Honorable Daniel J. Evans, Chairman
Subcommittee on City Transit & Motor
Vehicle Exemptions, Joint Fact Finding
Committee on Highways, Street & Bridges
4323 East 44th Street
Seattle 5, Washington                                                                                                              Cite as:  AGO 57-58 No. 152


Dear Sir:

            You have requested our opinion as to whether or not cities may impose transit service charges to be added to billings to municipal utility customers in the same manner that sewerage charges are added to water billings in several Washington cities, for the purpose of extending financial assistance to either municipally owned or privately owned transit systems.

            Your question is answered in the negative as it relates both to municipally owned and privately owned transit systems.

                                                                     ANALYSIS

            Authority for cities and towns to acquire and operate utilities is expressly granted by statute.  See generally chapter 80.40 RCW.  Charges made by municipal utility departments to utility users, usually in the form of monthly billings, are based upon authority granted by statute to cities and towns to fix rates and prices of services or commodities actually rendered to utility users.  McCormacks, Inc. v. Tacoma, 170 Wash. 103; Port Orchard v. Kitsap County, 19 Wn. (2d) 59.

             [[Orig. Op. Page 2]]

            With certain exceptions such municipal services are purchased on a voluntary contractual basis by members of the public.  A resident of the city who does not desire a particular service is not required to either subscribe to or pay for such service.

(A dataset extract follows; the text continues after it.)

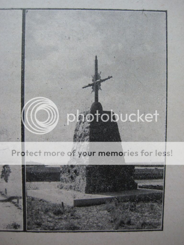 Ovo je zaista intresantno. Još jedan spomenik podignut verovatno prvih godina po oslobođenju. Deluje istovetno kao i ovaj „današnji”, s tim što mu se ne vidi zatvarač u podnožju krsta, tj. cevi topa. Moguće da je uzidan. Ni lovorov (limeni) venac nije isti jer se na ovom na slici nalaze, rekao bih mačevi, poput onih na ordenju, dok kod ovog današnjeg toga nema. Ipak, obe različitosti nisu dovoljne da opovrgnu Uličarevu tezu da je to jedan te isti krst, jer se venac lako da zameniti a zatvarač cevi „izvući” iz postamenta kako bi i on bio vidljiv detalj.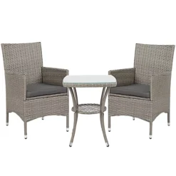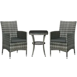 Outsunny Rattan Bistro Set Garden Chair Table Patio Outdoor Cushion Conservatory Mixed Grey

            Statutory exceptions to this rule have been created with reference to utilities having a public health purpose as in the case of garbage disposal.  Thus RCW 35.21.130 provides:

            "A garbage ordinance may:

            "(1) Require property owners and occupants of premises to use the garbage collection and disposal system . . .

            A municipal garbage service charge is nonetheless based upon a service actually rendered to the resident.

            Our research has revealed only one instance where a city or town is authorized to make a utility service charge to persons who may in fact receive no service or commodity from such utility.  This is the charge for sewerage service authorized by section 12 (a), chapter 193, Laws of 1941, (RCW 35.67.320) which provides:

            "Whenever any city or town shall be operating a waterworks utility pursuant to section 9488 of Remington's Revised Statutes of the State of Washington, and in the judgment of the City or Town Council or other corporate authorities the public health is being endangered by the lack of a system of sewerage or the inadequacy thereof, and the danger to the public health may be abated by the construction, maintenance and operation of a sewerage system or of additions, extensions or betterments thereto, such City or Town Council or other corporate authorities may by ordinance provide for the construction of such system of sewerage or of additions, extensions or betterments thereto, and that such system of sewerage, including additions, extensions, and betterments thereto, shall be considered as a part of and belonging to the waterworks utility of such city or town, and that the cost of construction thereof and the maintenance and operation thereof may be chargeable to the waterworks utility of such city or town:Provided, That if a  [[Orig. Op. Page 3]] general indebtedness is to be incurred to pay a part or all of such construction, maintenance or operation costs no such indebtedness shall be incurred without such indebtedness first being authorized by a vote of the people."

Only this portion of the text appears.